Marian McPartland’s “Piano Jazz” series, on radio and records, has quietly been one of the notable success stories in jazz of recent years. As a pianist, she has grown with the show, and it is hard now to think of anyone of comparable ability and knowledge who could handle the role with such equilibrium. It may be more than a coincidence that piano is the healthiest instrument in jazz today, even though that isn’t where the hype is.
She has recently introduced famous musicians like Jay McShann (12030) and two not so famous for piano playing-Lionel Hampton (12029) and Roy Eldridge (12025). Besides the happy music she and her guestsmake solo and in duets, it is a kind of privilege to overhear, as it were, their voices and friendly exchanges. This encounter with Charles Brown takes her further into the blues world than any of the others, and there are some real surprises.

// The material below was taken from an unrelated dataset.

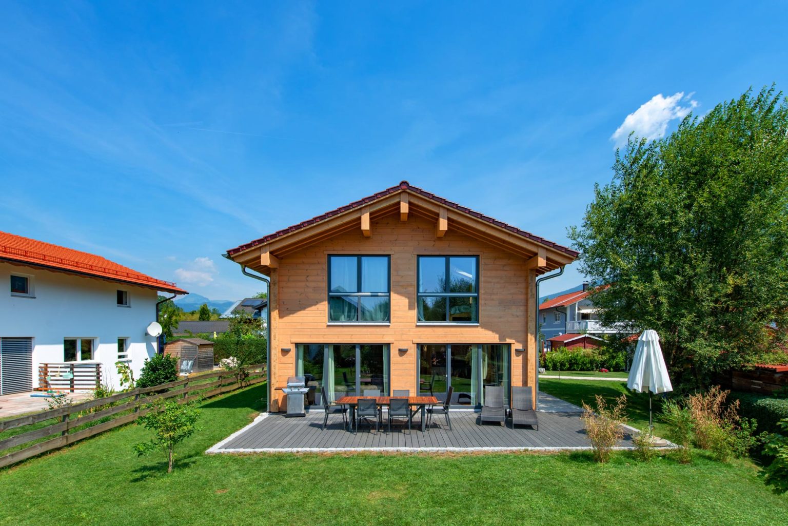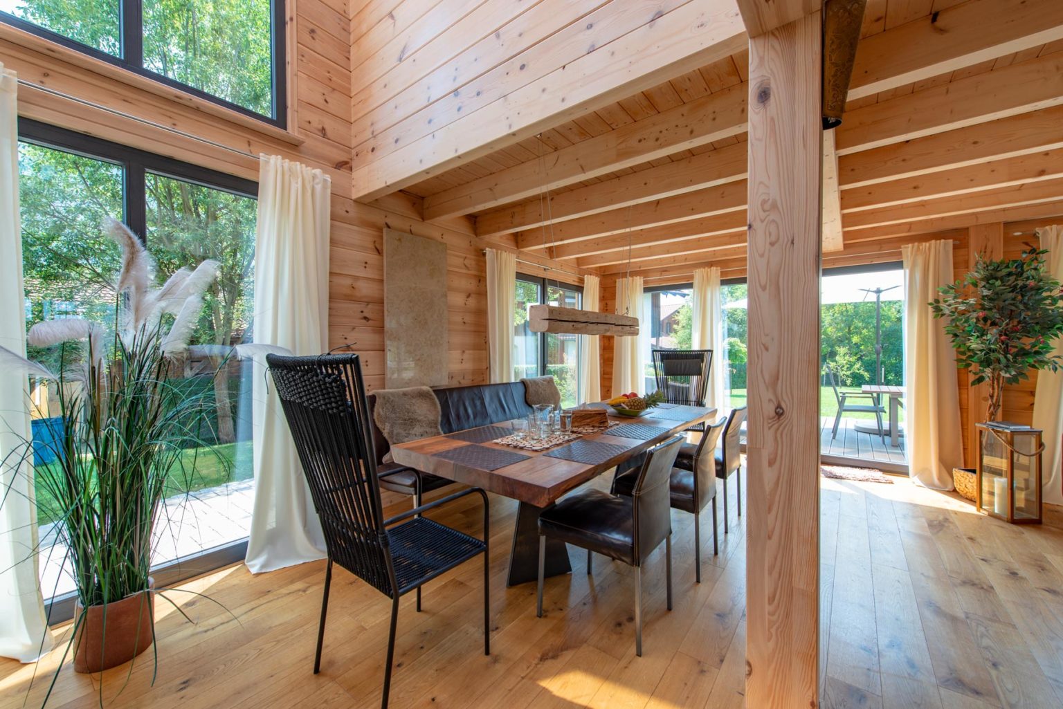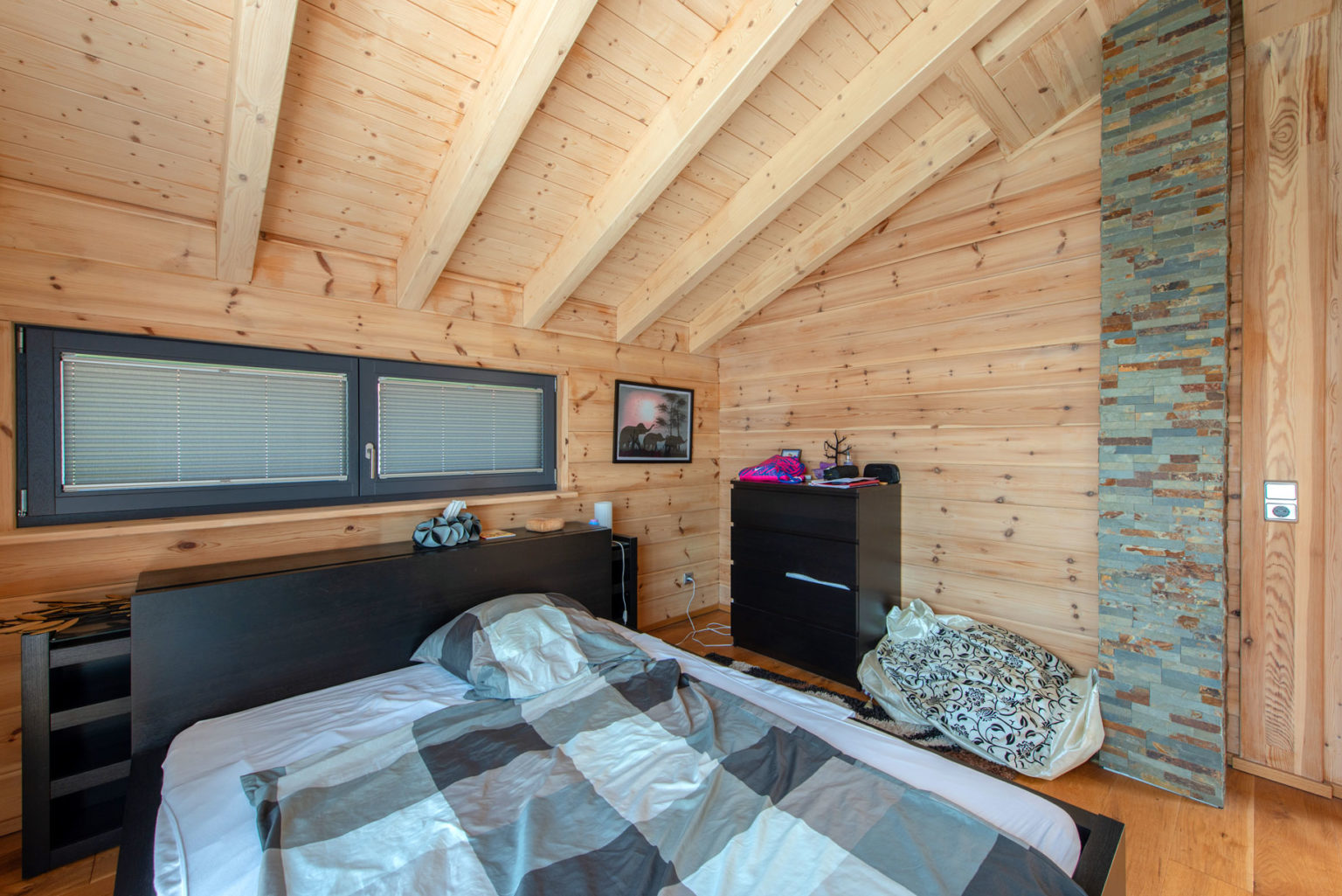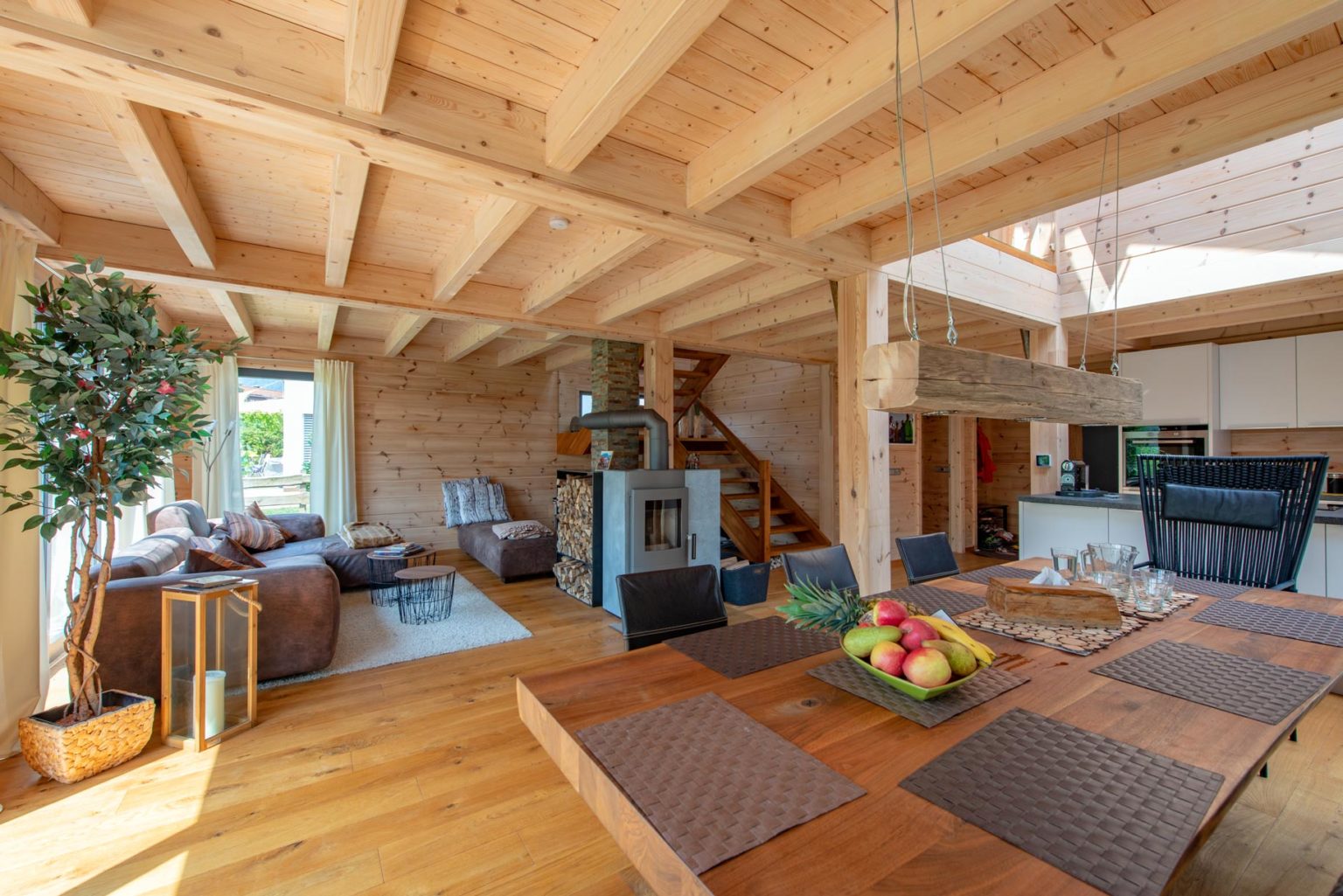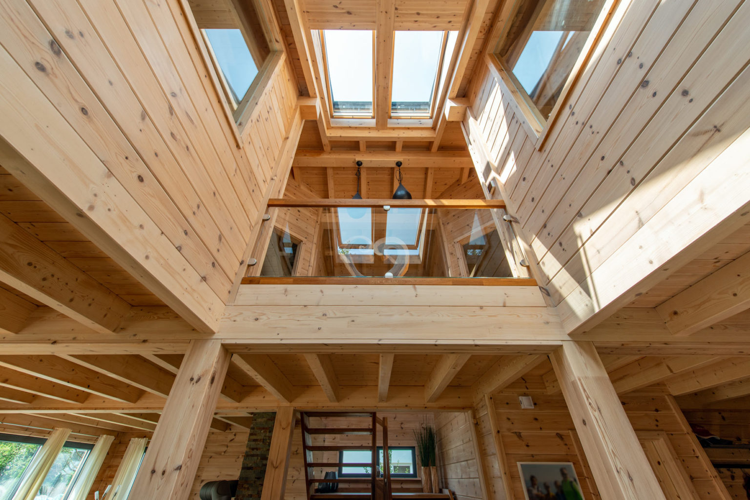 Von der Galerie aus kann man hinab in den Wohnbereich schauen, oder durch das gegenüberliegende bodentiefe Fenster hinaus in den großen Garten blicken. Der Clou: Die an den Luftraum angrenzenden Schlafzimmer besitzen Fenster dorthin, so dass noch mehr natürliches Licht von dort in die Schlafräume gelangt. Für die gewünschte Privatsphäre und Abdunkelung sorgen Vorhänge. Da so viel natürliches Licht in Holzhaus „Pendlingblick“ einfallen kann, verträgt es sehr gut ausschließlich Holzwände, ohne dunkel oder drückend zu wirken. Auf tapezierte Trennwände hat das Eigentümerpaar verzichtet. Sogar die Fußböden wurden einheitlich mit Eichendielenparkett im Naturton verkleidet, und die imposanten Sichtbalkendecken sowie der sichtbare Dachstuhl tragen zum eindrucksvollen, bodenständigen Ambiente des Hauses bei. Die Hausherrin verfügt nach eigener Angabe über einen liebenswerten „Holztick“, den sie mit Unterstützung ihres Mannes kreativ auslebt. Selbstverständlich sind auch die anthrazitfarbenen Fensterrahmen aus Holz, und lediglich die Böden und manche Wandteile in den Bädern und im Hauswirtschaftsraum wurden mit anthrazitfarbenen Fliesen ausgelegt.

Often vainly imitated, Brown remains a unique blues artist, as adept with blues ballads as with the regular 12-bar kind. Compared with the styles of bluesmen of rustic or rural origin, this is suave and sophisticated, but he conveys melancholy and bitterness convincingly when he wishes. For jazzbos, however, his piano may prove more fascinating than his singing. It is intelligent, extremely neat, and rhythmically strong in complementing his vocal phrases. Mrs. McPartland commends his “big, wonderful chords” and then observes that his long fingers must enable him to play elevenths. “Twelfths,” the college-educated Texan replies evenly, whereupon she explodes with mock vexation: “Oh, I hate you!”